6) Generalised trouble and sniping occurs when Control inevitably get in a muddle and ring crews up in the middle of their breaks by accident, or we try to put crews on break at the wrong time or wrong place, or we disagree with a crew about times (”our break finishes at 45! It’s 44 now, so we get a tenner for interrupted break! No, MY watch says 44!”), or someone accuses a crew of taking the scenic route back to station (I keep having to pipe up on the radio and say “T601, please return directly to station, over” which as you can imagine goes down a treat). I have lost count of the number of pointless rows that have broken out over tea breaks.

I think it should be up to the crews themselves to decide when, where and if they want to take a break. After all, if they feel they are tired/hungry/etc enough to need one, they should know. They should be able to ring us up and say “T601, taking a break at 1pm” and that should be that. If they don’t want a break, then that is their prerogative. I’ve never come across any other workers who have management or the EU breathing down their necks saying “right, you must take a break NOW!” - why should ambulance crews be any different?

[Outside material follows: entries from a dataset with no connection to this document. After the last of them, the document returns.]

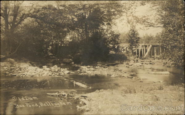 Front: Old Dam NA Box Pond, Bellingham. ** aty n Back: 1600 I did not recurran answer to my last letter yebt hote you are not sich of writing me Answey 2000 Harland Elook ELLING 1CENTE nuri MASS Miss Pauline Botsford, South West, P.A.
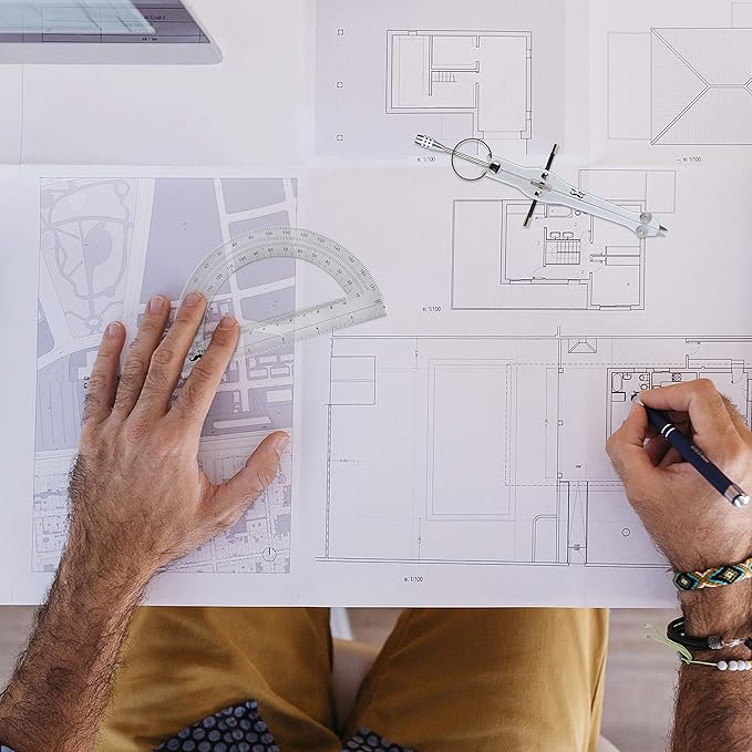 - 6-inch protractor made with transparent clear plastic, accurate and long-lasting prints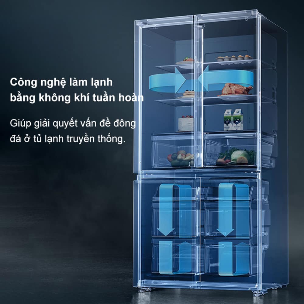 Tủ lạnh Xiaomi 4 cánh 606L làm lạnh với luồng khí 360 độ không đóng tuyết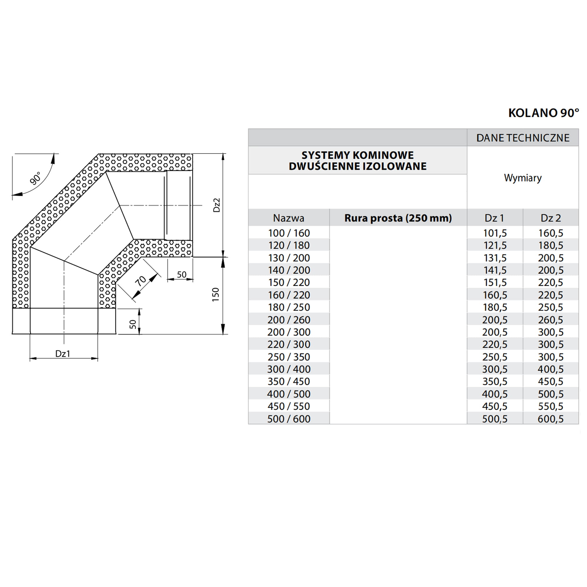 Kolano kominowe izolowane wykonane z blachy kwasoodpornej przeznaczone jest do połączenia pieca z otwartą komorą spalania opalanego gazem lub olejem opałowym z kominem izolowanym pod kątem 90°.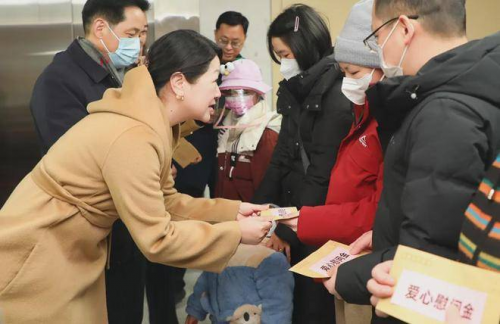 ▲为湖南省人民医院患儿家庭送上爱心慰问金和慰问物资
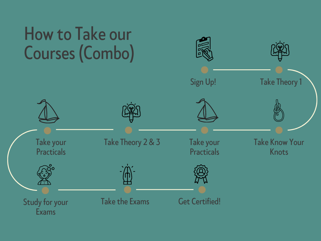 This course is designed for the sailor who wishes to be able to Bareboat Charter (charter a boat without a professional skipper). The sailor needs to have previous experience to start with this course (needs to know how to "Head Up", "Bear Away", "Tack" & "Gybe").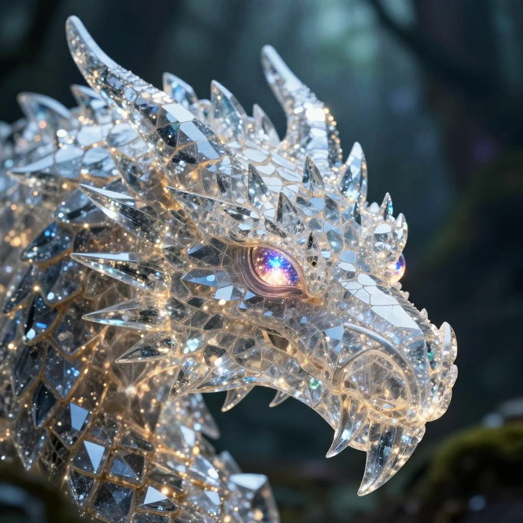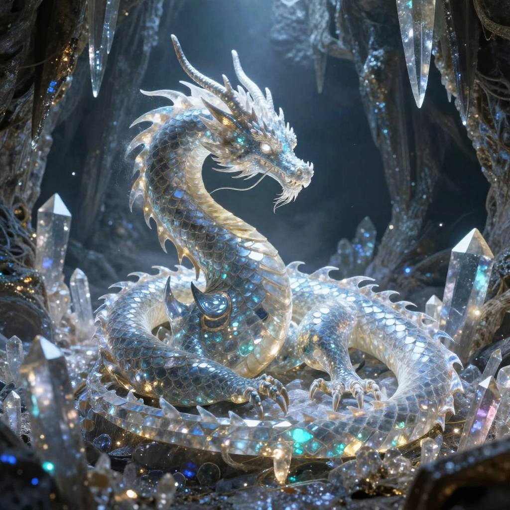 Ancient cristal dragon resting in a cavern of luminous crystals, scales blending seamlessly with glowing stalactites, a mystical aura surrounding its elegant, ethereal form
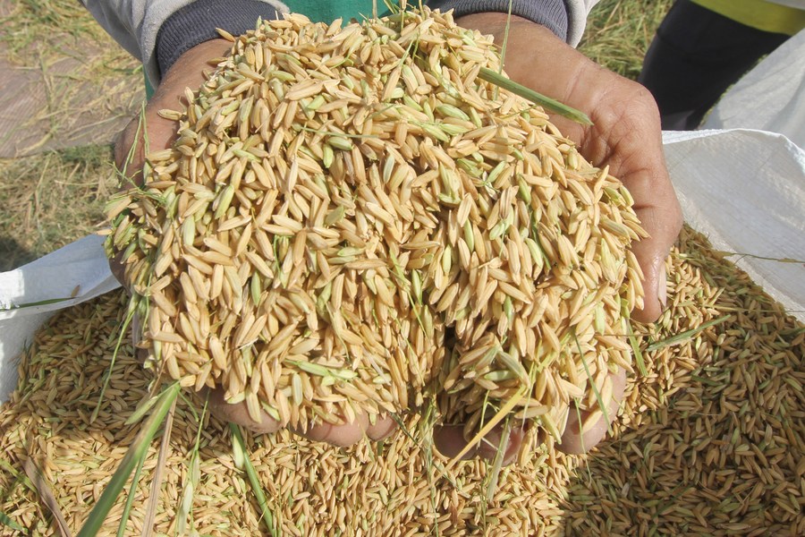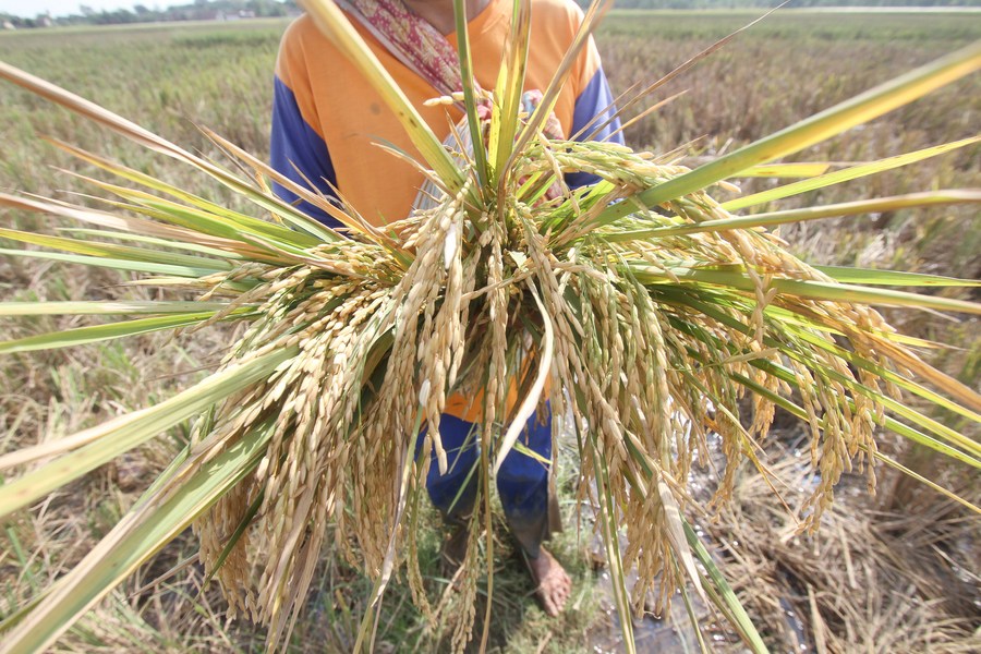 A farmer holds paddy after grinding during harvest time at the field in Majasto village, Sukoharjo district, Central Java Province, Indonesia on June 7, 2023. (Photo by Bram Selo/Xinhua)■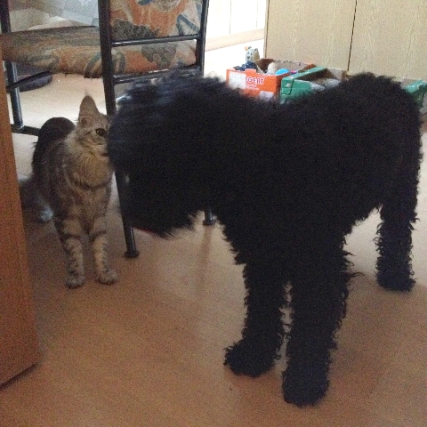 Mit den Katzen kommt er wunderbar klar. Meine Katzen sind ja so einen schwarzen Wuschel als Hund gewöhnt, und so hat es sie überhaupt nicht verwundert, dass da wieder einer ist. Der Hund hat sich vollkommen neutral verhalten und so hat es gar nicht lange gedauert, bis er zusammen mit den Katzen im Vorzimmer gelegen ist. Sogar meine ganz scheue Katze mag ihn und liegt bei ihm.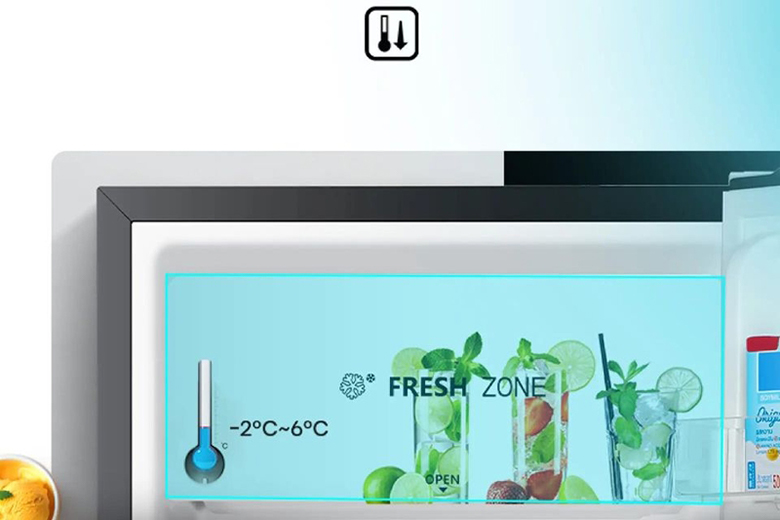 Ngăn làm lạnh Fresh Zone lưu trữ thực phẩm ở nhiệt độ thấp hơn so với các ngăn khác trong tủ. Đặc biệt, ngăn này có nắp đậy kín, giúp hạn chế tình trạng lẫn mùi, phù hợp để bảo quản thịt, cá, hải sản, sản phẩm từ sữa hoặc các loại thực phẩm cần làm lạnh nhanh.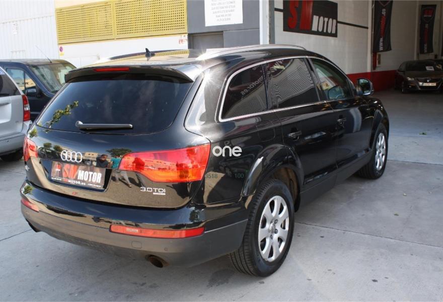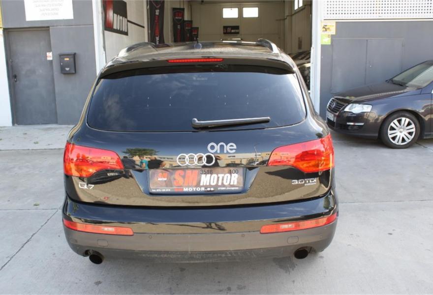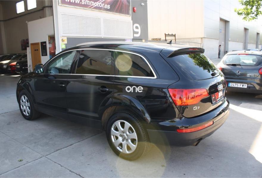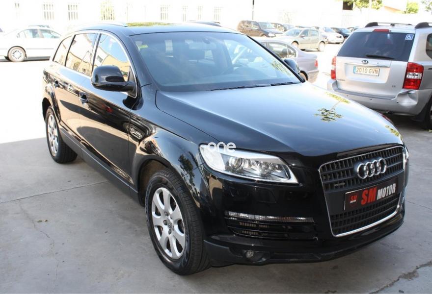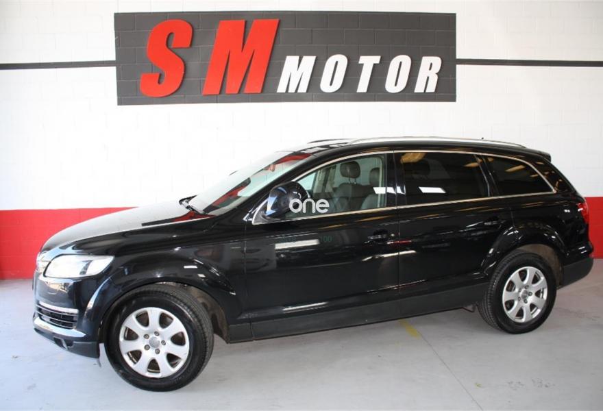 AUDI Q7, Diesel, año 2009, 164000 kilómetros, color Negro metalizado, precio 19690€. 3ª fila de asientos en cuero (7 plazas). 7 PLAZAS.EN MUY BUEN ESTADO EN GENERAL TANTO DE INTERIOR COMO DE EXTERIOR.MUCHISIMOS EXTRAS:TAPICERIA DE CUERO DAKOTA EN COLOR CHOCOLATE,NAVEGADOR DE PANTALLA GRANDE,DOBLE CLIMATIZADOR DIGITAL,LLANTAS DE ALEACION,7 PLAZAS,FAROS DE XENON CON LAVAFAROS,ORDENADOR DE ABORDO,DOBLE CLIMATIZADOR DIGITAL EN LAS PLAZAS TRASERAS,FAROS ANTINIEBLA DELANTEROS Y TRASEROS,CRISTALES TRASEROS TINTADOS Y HOMOLOGADOS,VOLANTE MULTIFUNCION,ESPEJOS ELECTRICOS,CIERRE CENTRALIZADO,DIRECCION ASISTIDA,SENSOR DE LUCES AUTOMATICAS,CAMBIO AUTOMATICO,ASIENTOS CON SISTEMA ISOFIX,ETC....................12 MESES DE GARANTIA NACIONAL EN TODOS VEHICULOS. -Admitimos su vehículo como parte de pago. -300 vehículos en stock -Vehículos revisados en 100 puntos ,limpios, aceites y filtros cambiados, con factura y documentación en regla. -Financiamos sin entrada y vehículos de cualquier año -Kilómetros certificados por CARFAX -1.000m2 de taller mecánico y 5.000m2 de exposición Gestión.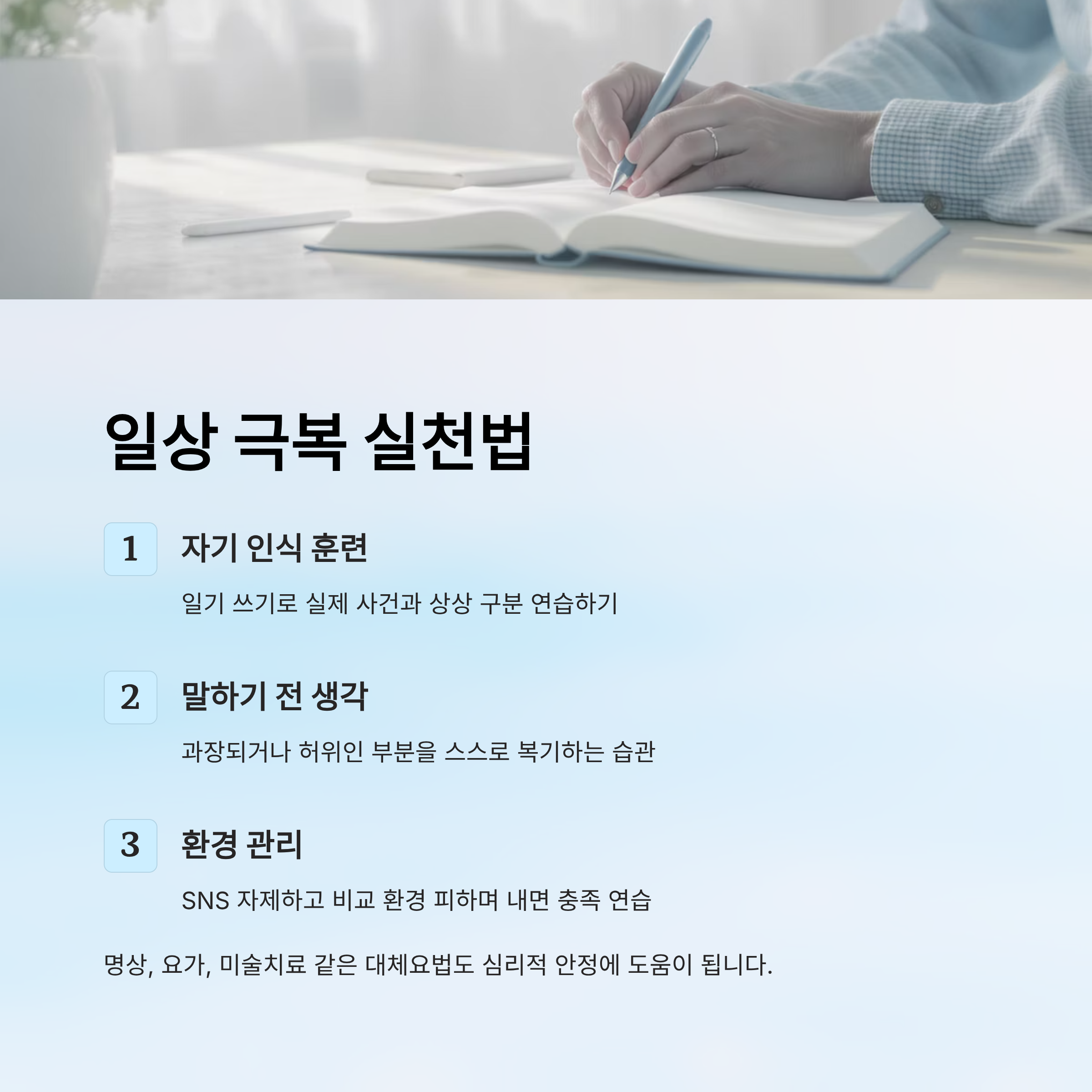 공상허언증은 상황이 비교적 덜 심각할 수 있지만, 반복되면 인간관계에서 신뢰를 잃기 쉬워요. 그렇기 때문에 스스로 말한 내용을 되돌아보고, 과장되거나 허위였던 부분을 솔직하게 정리하는 습관이 도움이 돼요. 이 연습은 자신을 객관화하는 능력을 키워주죠.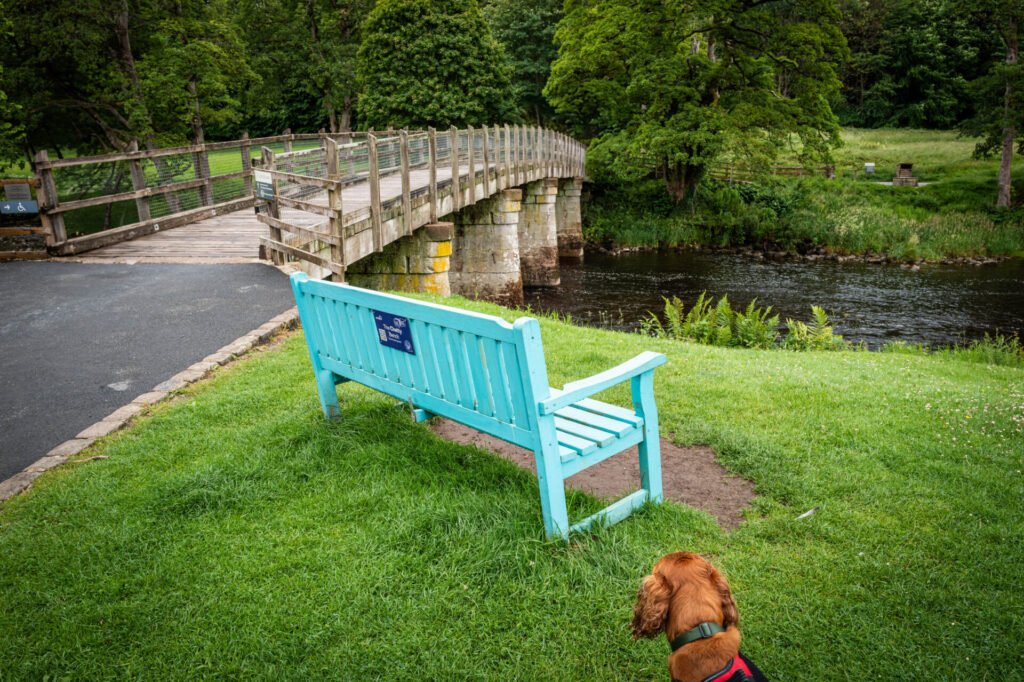 This is the bridge over the river at the Pavillion cafe, lovely coffee and cake. Charlie agreed with me that this bench, does indeed have a good view. Another bench with a view.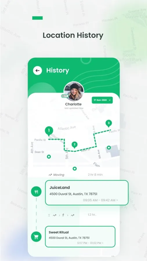 * A complete family GPS location history includes your group's travels and destinations.

And one final point, on a different note — I presume we’re going to get these headlines every time a person dies whilst a crew is on a tea break. Why don’t we get headlines saying “Man dies whilst ambulance crew attend 20-year-old with flu”? Because I can tell you, this happens a whole lot more often, and has been happening for years.

Use 999 Properly Petition

Posted in Ambulances by Mark Myers on the January 10th, 2007

Thanks to Simon Gray for pointing out this petition for more public education about the proper use of the 999 service. Please spare a moment to sign it.

Festive Fights

Posted in Ambulances by Mark Myers on the January 4th, 2007

So much for the season of goodwill! I have never seen so many fights, brawls, domestics, stabbings, assaults and general nastiness in my entire life. It didn’t even stop for Christmas Day. All I can say is that I am glad that I was not rostered to work on New Year’s Eve, as I hear things went absolutely crazy.

Two examples of Seasonal Skirmish stood out.

The first came from a household in an undesirable area of London. The caller was a medium sized child, who reported that their parents had been having a fight, and that Mum had thrown a plate at Dad. Our first priority in calls like this is to get the police down there; ambulance crews don’t relish the prospect of dodging low-flying crockery. As there was a bit of a shortage of ambulances we told the police to let us know when they got there, and then we would send an ambulance in. There’s no point in having an ambulance parked up for an unspecified period of time when we don’t know how quickly the police will be able to get there. Our sector controller rang back the patient, as is procedure when there is going to be any kind of delay.

“His eyeball’s cut open!” wailed an older child. “And there’s a piece of plate still wedged in it!”

As you can imagine, this call suddenly jumped to the top of our list and we sent a message back to the police saying that this call was perhaps a little bit more urgent that we initially thought.

“Don’t pull the plate…” began the sector controller.

“My brother’s just pulled it out!” exclaimed the child. “And now there’s blood EVERYWHERE! HEEEEEEELP!”

Poor kid - he was only trying to help, I suppose. No child should ever have to witness something like that, let alone be expected to do the right thing.

The second happened late on Boxing Day. A man and his girlfriend were making their way home from the pub and got into an argument, as I imagine a lot of couples do this time of year. “You bought me socks AGAIN!” “You made me cook the turkey all by myself!” “You invited your horrible Aunt Betty!” (I’m hearing this in my head, of course I don’t really know what they were arguing about.) Exasperatedly, the woman pushed the man. Drunkenly, the man fell into the road. Along came a big, red, double decker bus. The driver didn’t see the man lying prostate on the tarmac. He only stopped when he heard the woman’s screams. By then, the man was trapped under the bus, tangled in the mechanism.

He was dead by the time we got to him. His girlfriend never got to say she was sorry. That’s one Christmas row that won’t be forgotten by New Year.